— Миролюбивы? — недоверчиво повторяет Морг. — Мы уже показали своё миролюбие, когда отправили посла в Серубель, чтобы поговорить с королем. Король выпорол весь караван и отослал прочь! Не говорите мне о мире, — он поворачивается к Тарику. — Простите меня, Ваше Величество, но барышня Сепора — не теорианка. Ей может быть трудно оставаться в этом вопросе объективной.
— Я могу не быть теорианкой, но беспокоюсь о жизнях, — отрезает она. — И если я правильно понимаю, война приводит к жертвам с обеих сторон. — она многозначительно смотрит на Тарика.
— Это правда, барышня Сепора, — соглашается Морг. — Но у нас уже есть чума, свирепствующая серди народа. Мы не можем позволить себе потерять еще больше людей из-за войны, в которой будем лишь зрителями. Если мы не примем ответных мер, другие королевства могут посчитать нас уязвимыми. Боюсь, уязвимость привлечёт внимание властолюбивых правителей.

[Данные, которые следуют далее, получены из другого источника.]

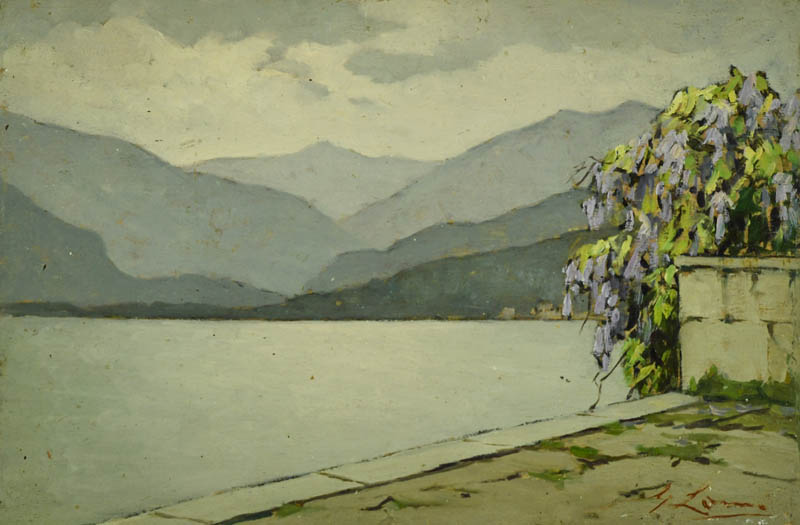 Giovanni Lomi (Livorno 1889 Livorno 1969) Glicine sul lago Maggiore, 1940 c.a. Olio su tavola, cm. 19,5x29 Firmato in basso a destra;. Sul verso: firma e titolo. Autentica di Massimo Lomi su foto con Archivio n° 474..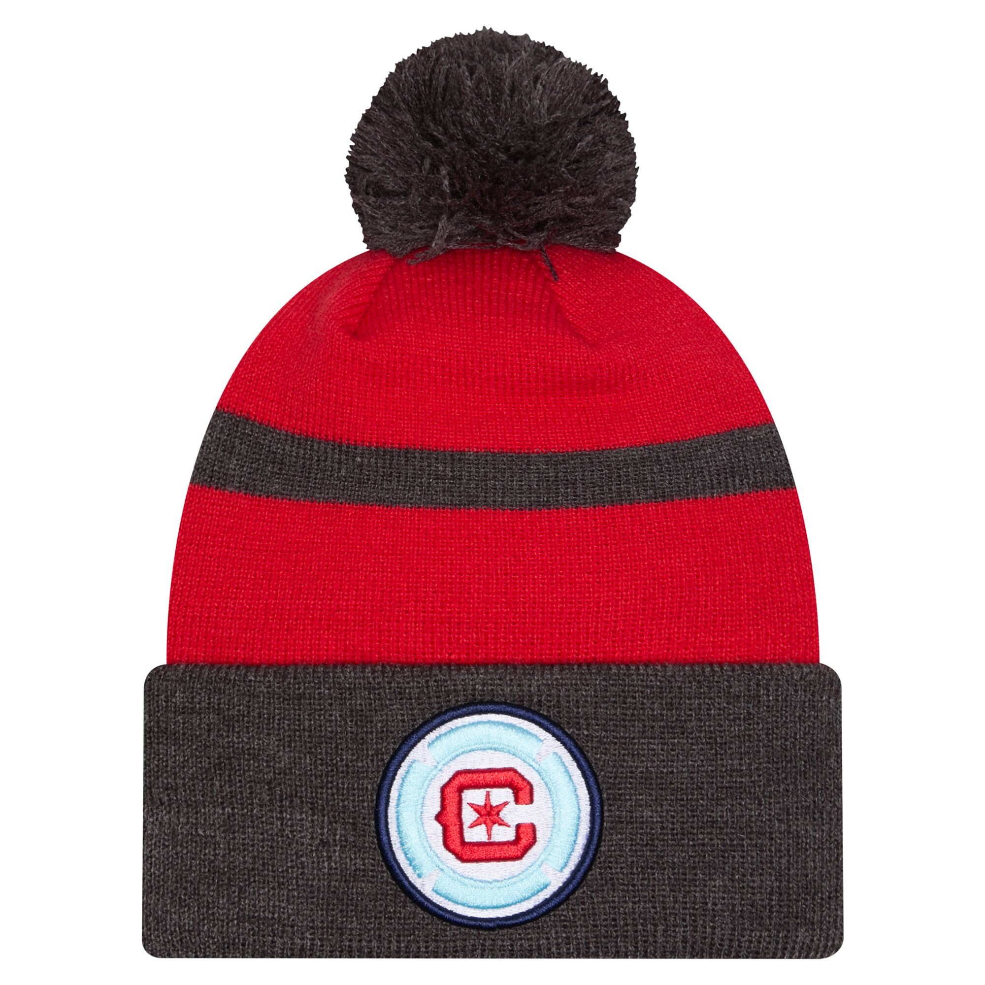 Men’s Chicago Fire New Era Black 2025 Kickoff Cuffed Knit Hat with Pom

Тарик не может проигнорировать это замечание. Конечно, Сепора беспокоится за свое королевство, но, если она хочет устроить свою жизнь здесь, то должна начать думать о Теории, как о своей родине. Однако это не стоит обсуждать перед присутствующими. Когда у них появится минутка наедине, он попытается её убедить.
— Каждый из вас изложил убедительные аргументы, — говорит Тарик. — Мне нужно хорошо все обдумать прежде, чем принять решение. Пожалуйста, оставьте меня, я хочу побыть наедине со своими мыслями.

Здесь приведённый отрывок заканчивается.